入り口付近の駐車場敷地では、明後日の有機アスファルト舗装の下地づくりが進められる。長野から来たAさんが重機を動かす。
外構の柵も作られる。全国から集まったスタッフ、サポーター総勢20名近くが、総動員で動く。
矢野さんは作庭の続き。築山の中段くらいにある土のコブに、土留めをする形で石を入れる。地ならしは大ハンマーで突く程度だ。ここで驚かされたのは、普通なら床掘は石が滑らないように山側を下げるが、矢野さんのやりかたはほぼ水平で、むしろ見た目は逆にやや谷側下げに見えるほどなのである。
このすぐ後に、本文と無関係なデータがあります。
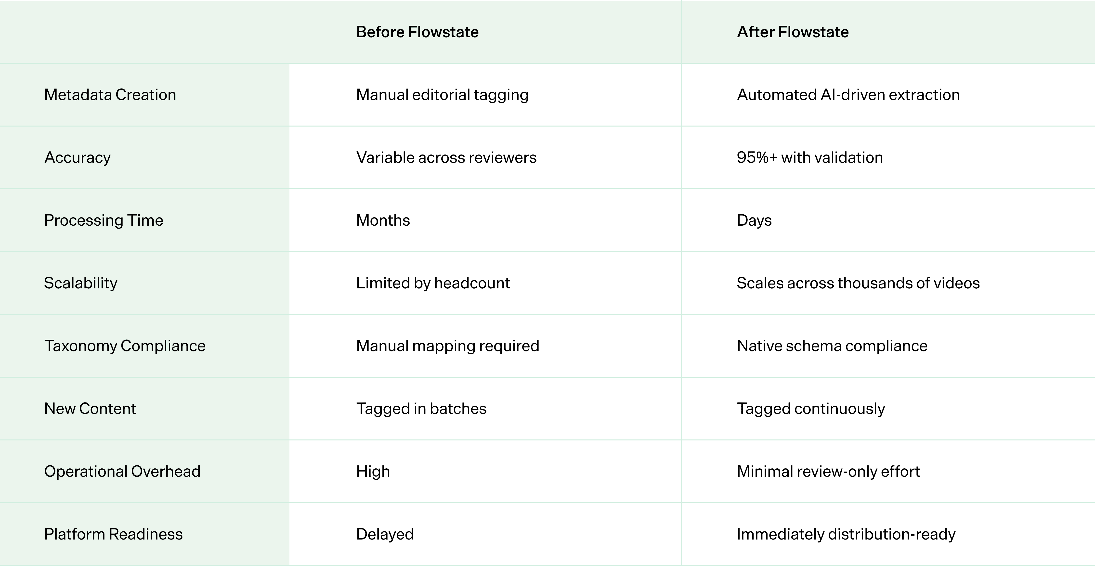 “Flowstate allowed us to move from a manual, time-consuming tagging process to an automated system we could trust. We were able to meet Samsung’s metadata requirements at scale while dramatically reducing turnaround time—and without increasing operational overhead.”
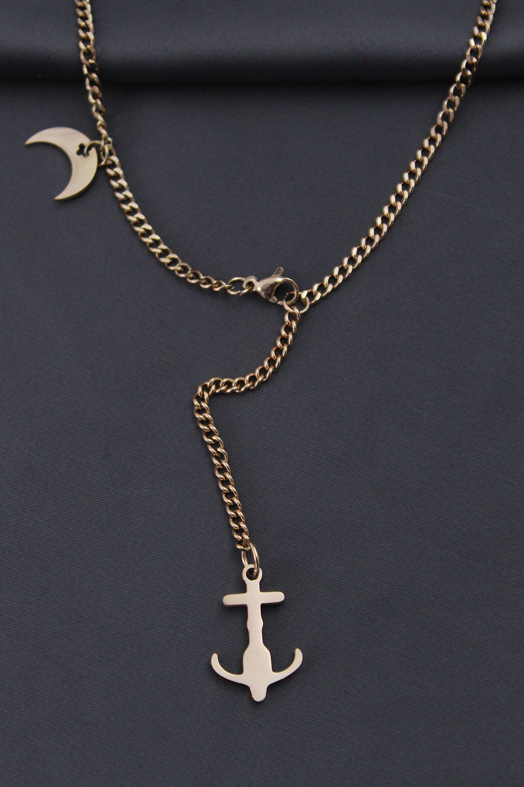 Çelik Rose Renk Çapa Tasarımlı Kadın Kolye - TJ-BKO5926
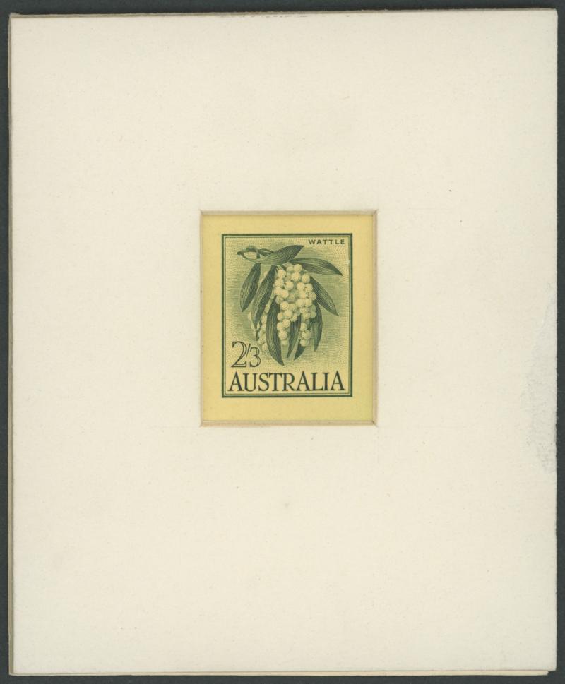 1959-65 Flowers 2/3d Wattle SG 324 imperforate die proof in the issued colour on bright yellow paper recessed in a card (85x95mm)
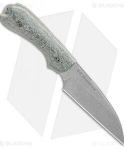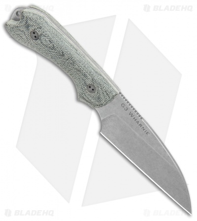 - Wharncliffe blade with a stonewash finish made of Bohler M390 steel with spinal jimping.

それが山にある石の自然な形なのだという。そのほうが地中の水や空気が通りがスムーズになるのは理解できる。しかし、それでは石が土圧にに負けて動きやすいのではないか? 矢野さんのやり方は、木杭や植栽でそれを補強するのである。
セメント粉、砂利などを敷いて石を据え付け、そして谷側に木杭を打つ。木杭も対象物によって太さや形を使い分けているようだ。杭の頭は割れるほど強くは叩かない。
石の上に木をあてがいハンマーで叩いて上から締め付ける。これで石の座りをよくする。サイドの隙間に石も入る。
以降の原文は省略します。